— RECORDS TO PROCESS —
>>>
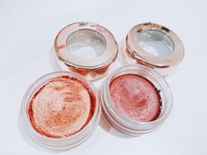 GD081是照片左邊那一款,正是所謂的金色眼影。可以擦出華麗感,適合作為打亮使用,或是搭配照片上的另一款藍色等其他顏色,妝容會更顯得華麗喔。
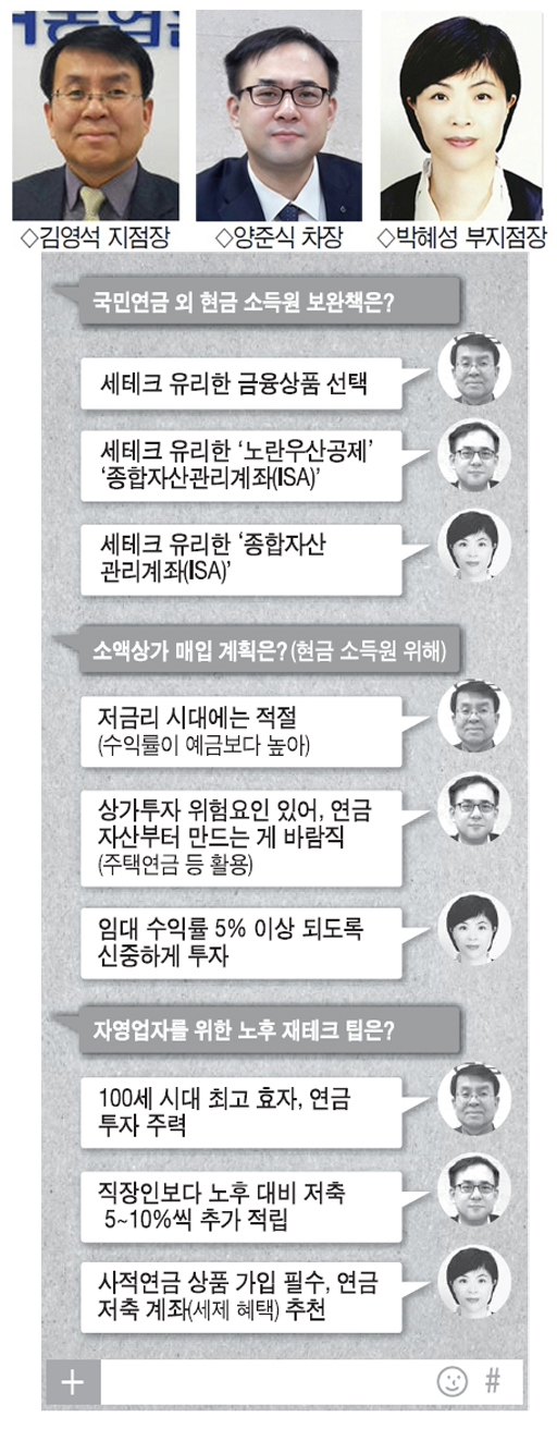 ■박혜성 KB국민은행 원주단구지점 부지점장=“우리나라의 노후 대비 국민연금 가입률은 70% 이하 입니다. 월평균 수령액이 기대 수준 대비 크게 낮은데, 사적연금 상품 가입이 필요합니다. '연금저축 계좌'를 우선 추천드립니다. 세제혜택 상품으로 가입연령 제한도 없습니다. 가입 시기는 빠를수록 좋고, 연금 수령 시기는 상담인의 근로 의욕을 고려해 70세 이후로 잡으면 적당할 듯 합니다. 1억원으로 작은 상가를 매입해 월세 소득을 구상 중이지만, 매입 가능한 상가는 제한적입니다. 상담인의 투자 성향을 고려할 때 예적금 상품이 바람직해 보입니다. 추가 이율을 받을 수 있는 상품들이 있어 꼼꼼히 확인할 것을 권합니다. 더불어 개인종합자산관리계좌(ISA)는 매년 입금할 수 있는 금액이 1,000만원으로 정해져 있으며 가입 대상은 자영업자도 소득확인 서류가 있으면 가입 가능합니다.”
<<<
>>>
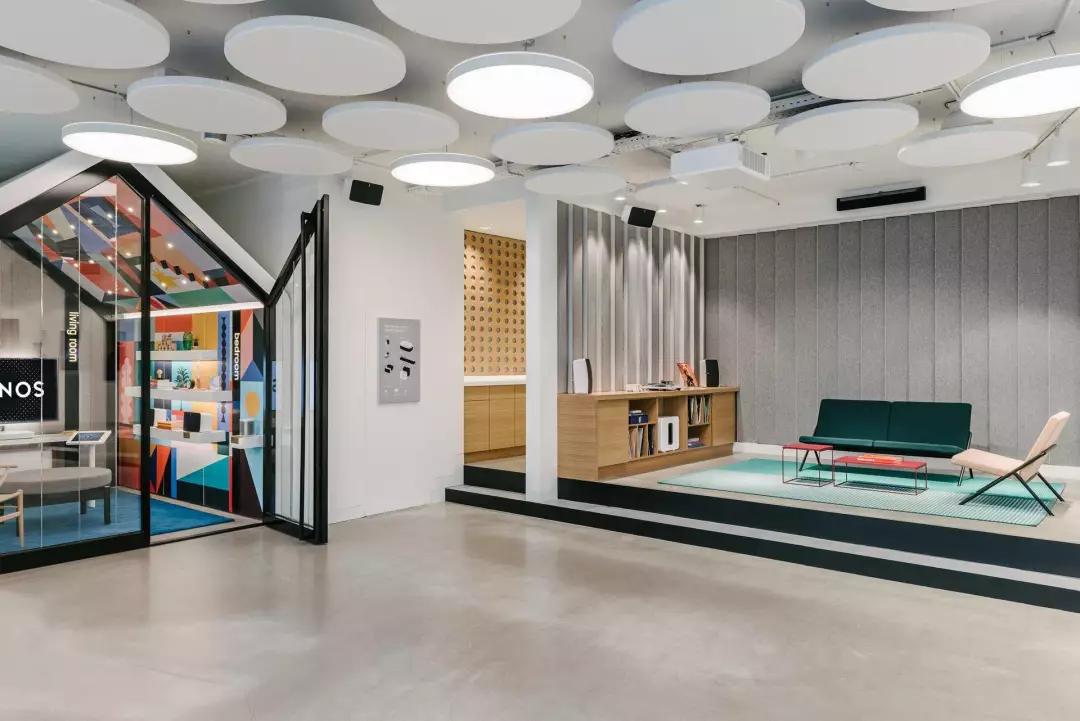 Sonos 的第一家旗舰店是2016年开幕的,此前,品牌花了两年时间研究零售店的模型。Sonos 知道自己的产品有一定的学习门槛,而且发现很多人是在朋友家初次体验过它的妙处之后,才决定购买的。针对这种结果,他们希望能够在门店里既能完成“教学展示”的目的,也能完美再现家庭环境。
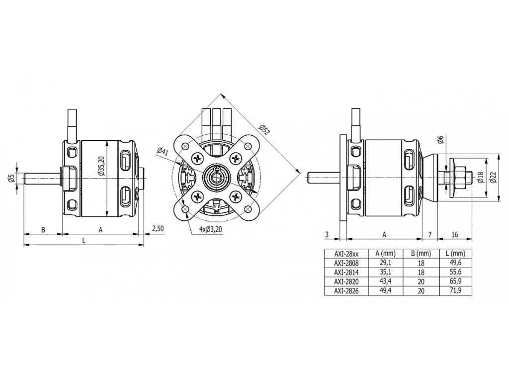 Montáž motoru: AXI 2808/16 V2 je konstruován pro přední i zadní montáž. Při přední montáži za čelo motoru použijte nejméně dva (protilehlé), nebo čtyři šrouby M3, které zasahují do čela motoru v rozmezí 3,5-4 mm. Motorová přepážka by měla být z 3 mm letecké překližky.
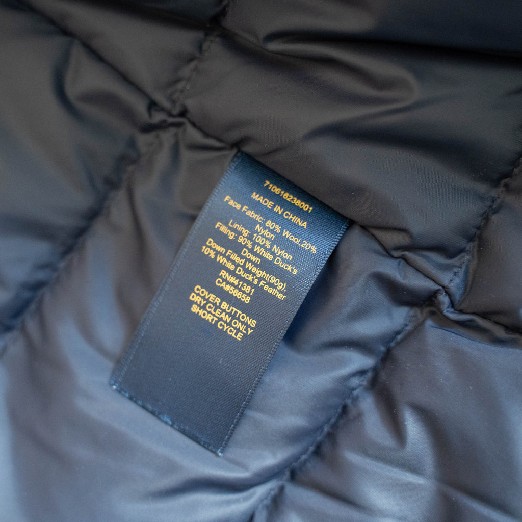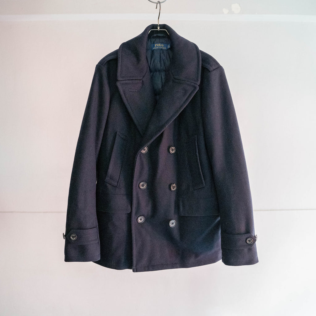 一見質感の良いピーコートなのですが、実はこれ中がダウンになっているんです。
<<<
Copy word for word the span of the records above that begins at the line with "GD081是照片左邊那一款,正是所謂的金" and ends at the line with "대비 국민연금 가입률은", including those two lines but not the pictures.

 GD081是照片左邊那一款,正是所謂的金色眼影。可以擦出華麗感,適合作為打亮使用,或是搭配照片上的另一款藍色等其他顏色,妝容會更顯得華麗喔。
 ■박혜성 KB국민은행 원주단구지점 부지점장=“우리나라의 노후 대비 국민연금 가입률은 70% 이하 입니다. 월평균 수령액이 기대 수준 대비 크게 낮은데, 사적연금 상품 가입이 필요합니다. '연금저축 계좌'를 우선 추천드립니다. 세제혜택 상품으로 가입연령 제한도 없습니다. 가입 시기는 빠를수록 좋고, 연금 수령 시기는 상담인의 근로 의욕을 고려해 70세 이후로 잡으면 적당할 듯 합니다. 1억원으로 작은 상가를 매입해 월세 소득을 구상 중이지만, 매입 가능한 상가는 제한적입니다. 상담인의 투자 성향을 고려할 때 예적금 상품이 바람직해 보입니다. 추가 이율을 받을 수 있는 상품들이 있어 꼼꼼히 확인할 것을 권합니다. 더불어 개인종합자산관리계좌(ISA)는 매년 입금할 수 있는 금액이 1,000만원으로 정해져 있으며 가입 대상은 자영업자도 소득확인 서류가 있으면 가입 가능합니다.”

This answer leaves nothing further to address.